▶ [BRIEF]:
Each word in the data below should be copied exactly; the images should not.

▶ [RECORDED DATA]:

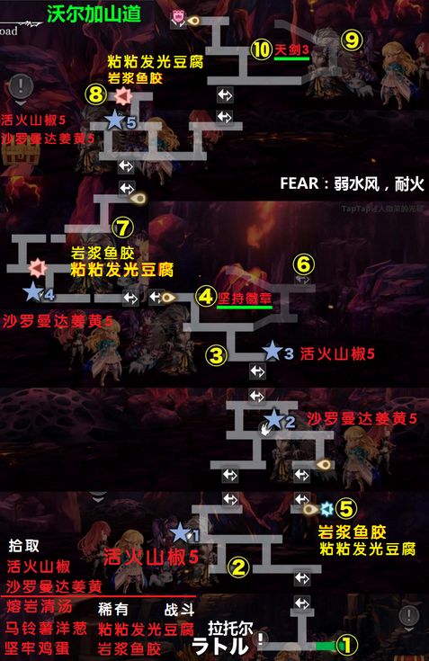 1种弱水,1种弱水风,1种弱水打,都耐火。掉落5种料理素材
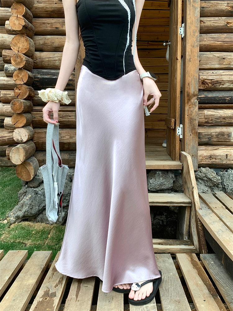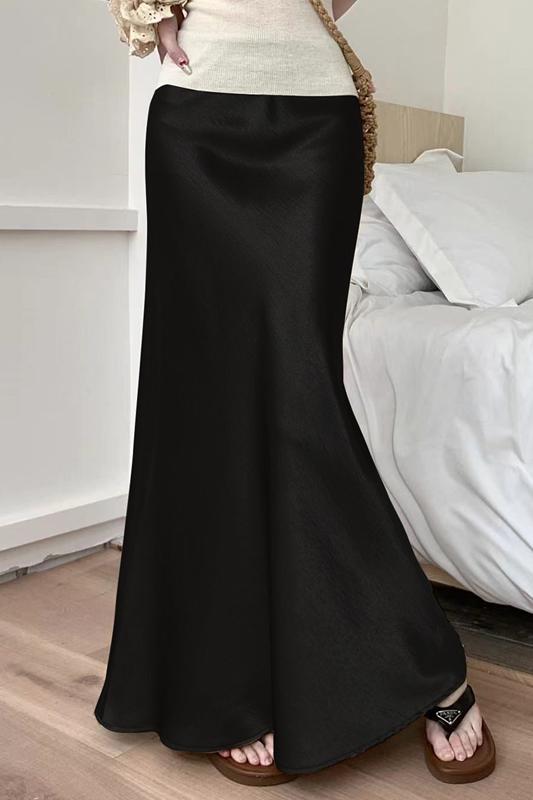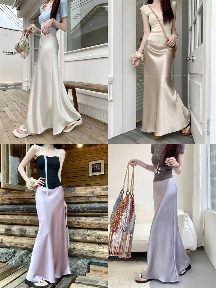 여성의 새로운 프랑스 기질 슬림 한 낚시 낚시 치마를위한 실제 하이 웨이스트 아세테이트 새틴 미드 길이 치마
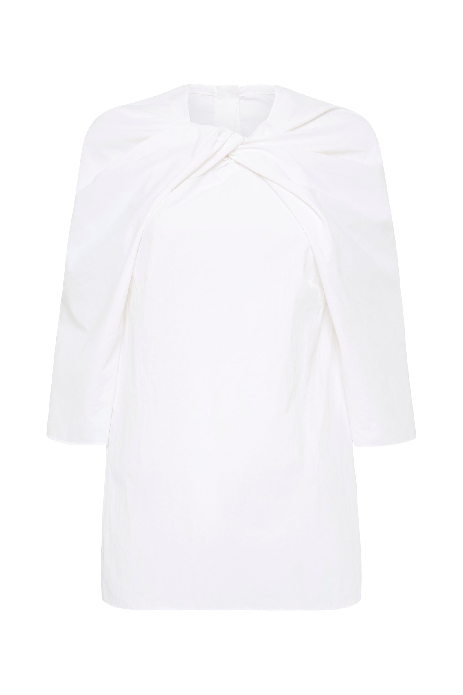 Introducing our White Nylon Satin Template Top. A quintessential Bianca Spender piece, featuring our signature twists and folds at the neckline. A modern take on classic white shirting, the Template Top was designed with modernity front of mind. Featuring a twisted neckline that folds into an elbow-length sleeve, the crisp cotton fabrication adds a sense of lightweight structure.
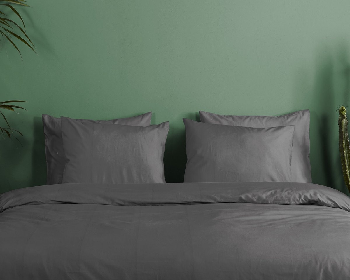HIP Dekbedovertrek Uni Antraciet - Donker Effen Katoensatijn

▶ [EXERCISE SOLUTION]:
 1种弱水,1种弱水风,1种弱水打,都耐火。掉落5种料理素材
 여성의 새로운 프랑스 기질 슬림 한 낚시 낚시 치마를위한 실제 하이 웨이스트 아세테이트 새틴 미드 길이 치마
 Introducing our White Nylon Satin Template Top. A quintessential Bianca Spender piece, featuring our signature twists and folds at the neckline. A modern take on classic white shirting, the Template Top was designed with modernity front of mind. Featuring a twisted neckline that folds into an elbow-length sleeve, the crisp cotton fabrication adds a sense of lightweight structure.
HIP Dekbedovertrek Uni Antraciet - Donker Effen Katoensatijn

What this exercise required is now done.